By definition atonement is: 1: reparation for an offense or injury. 2: the reconciliation of God and humankind through the sacrificial death of Jesus Christ. We need atonement—the ability to rectify the wrong, to be able to fully put away sin and the guilt it brings. It means that you feel in every bit of your being the fracture in your relationship with God and you know things are not as they were meant to be and you desire for it to be made right and you come to the knowledge that this is only available in and through Jesus Christ as your atonement.

Atonement means that the sin debt has been paid for, God’s justice and not mans has been done, the sinner has been redeemed, the lost has been found, the wrong has been made right. Atonement also carries with it the sense of finality: “It is finished,” Jesus said as He hung on the cross for the sins we all have and will commit. And that’s what makes atonement absolutely necessary we need the finishing work of Christ on our behalf applied into our lives. Has His work been applied to your account to pay the debt of sin on your behalf?

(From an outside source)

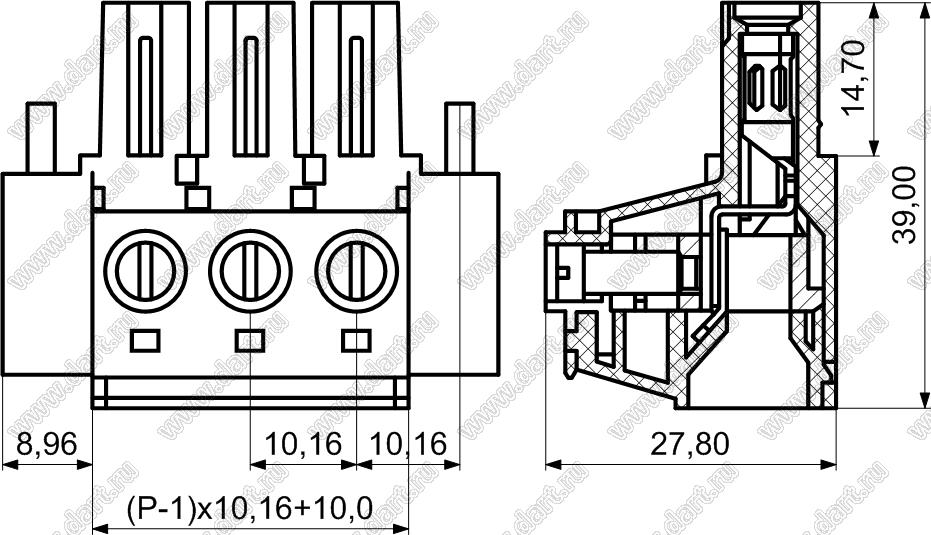 розетки на провод с монтажными ушами, шаг 10,16 мм

Christ has made a perfectly sufficient atonement for all those who will trust in Him. His atonement is complete only when sinners, by faith and repentance, apply the sacrifice of Christ to themselves. Through our union with Christ, His death becomes our death and His life becomes our life. Self-atonement does not work. We can never pay for ourselves, just look to Adam and Eve, because self[1]sufficiency and self-reliance is part of the problem. We must learn from their lesson and look to God the Father, through His Son Jesus Christ as the Lamb of God, and the atonement He offers to us. Only Christ could make the perfect sacrifice and we are only made perfect through Him. Receive Him today, don’t try and hide—turn away from sin and death and instead come to Christ and the true life He alone offers us.